Stitching ‘HOPE’: Woman creates quilt to honor coronavirus victims and front-line workers
By Dana Hedgpeth November 27, 2020 at 7:00 a.m. EST
A worker for a D.C.-area health-care company cut and glued masks onto a cloth panel. A biotech manager in Alexandria asked for a portrait to be painted on a panel to honor an aunt who died of the coronavirus. A visitor to the Mall made a panel showing the outline of a face and a mask with the words “12 hour grind,” a reference to the long days health-care workers face amid a global pandemic. The quilt panels are among 450 made by people from across the country and sewn together as part of the HOPE Quilt, an effort started by a Loudoun County woman to show gratitude for doctors, nurses and other front-line health-care workers. It also honors those who have become ill or died of the virus. Diane Canney, an artist and founder of the HOPE Quilt project, came up with the idea this summer after she asked her 95-year-old mother what she wanted for her birthday. Her mom said she didn’t need anything but challenged Canney to help others. Canney recalled the AIDS Memorial Quilt that started in the 1980s to honor those who had died of AIDS. She modeled her idea for the HOPE Quilt after the AIDS quilt.
Quilts, Canney said, are often used as a way to “comfort, honor and remember” people — a goal she has for her own quilt.
“Our front-line health workers are fighting a war against an invisible disease,” Canney said. A quilt “tells the story of this central thing that we’re all affected by. It’s a gift to my mom and to the nation. I wanted to be sure we captured this moment so we will know what it looked like 30 years from now.”
Phyllis Liedtke, Canney’s mother and a resident of Pompano Beach, Fla., said it’s been shocking to see the devastation created by the virus.
“I thought we’d seen it all,” she said. “I lost my grandfather to the flu in 1918. I’ve lived through the Depression, which was grim, and there was the smallpox scare in New York.”
Liedtke and her friends at the senior living community where she lives have made about 15 of the quilt’s panels. She said her daughter’s quilt is a way to show appreciation for those working in health care.
“Where would we be without people who are so willing to put their own lives on the line?” Liedtke said.
Canney said she sends kits of cloth and other art materials to groups, private schools and people around the country who ask to participate. To stitch the panels together, she relies on volunteer quilters, taking several sections from one house to another in a socially distanced way.
Canney, who also owns two wineries in Loudoun County, said she and her husband spent about $60,000 to put some of the quilted panels on eight-foot letters that spell “HOPE” to display them around the Washington region. The project has been on display at the Lincoln and Jefferson memorials, Freedom Plaza, in Alexandria’s Del Ray neighborhood and at spots around Loudoun County.
At each event, she displays candles to represent those who have died of covid-19. Canney said she hopes to have the quilt displayed at a Smithsonian Institution museum, and for the first two weeks of December, it will be on display at Reston Hospital Center.

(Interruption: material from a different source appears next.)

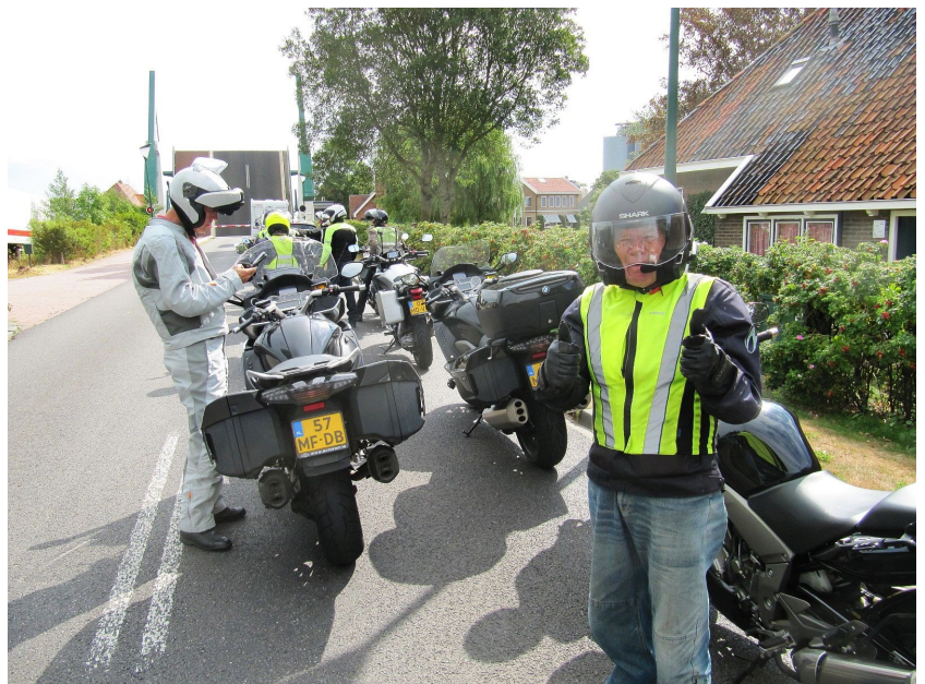
Alternatieve benaming - de open bruggen tocht

Each panel is unique. One shows the name of a woman’s 89-year-old friend born in Ukraine, who survived harsh situations in World War II before becoming a community college professor in New Jersey. Another was made by a nurse who visited the project when it was on display in Washington.
“She burst into tears and told me, ‘It’s so important to me to know that people care,’ ” Canney said of the nurse.
One woman wanted a panel painted of her father, who had gone to a rally for President Trump in Arizona and died days later of the virus. Another woman wanted a panel made to honor her mom, who was a respiratory therapist working at a hospital in Texas.
Angela Devin of Gaithersburg made a panel to honor her 39-year-old sister, who died of the virus in May. Her sister, Nitsa B. Devin, had lived with multiple sclerosis since being diagnosed in her 20s. The panel is made with light lavender — her sister’s favorite color. One patch is of the “Yellow Rose of Texas” to honor the state of her birth, and another is a Dungeon & Dragons symbol, one of her sister’s favorite video games.
“I feel like people will know her and it will allow her to live on, and in some way that’s comforting,” Angela Devin said. “We’re all alone and working on these panels individually, and then they’ll all be put together in this tapestry that will tell of this difficult time that we’re all going through together.”
Thomas Ali Fields Sr., 51, of Northeast Washington, heard about the quilt project from his son’s fiancee. His 32-year-old son, a Navy veteran and a diabetic, died of covid-19 in March, leaving behind a 6-year-old son. Fields took some of his family members, including his mom in a wheelchair, to see the project and a panel that honors the son who shares his name.
“My mother broke down and she was crying when she saw that panel with my son’s face on it,” Fields said. “Just to see the love people put forth and to take the time to do that. For me, to have his face on something that people can see for years to come is something really special.”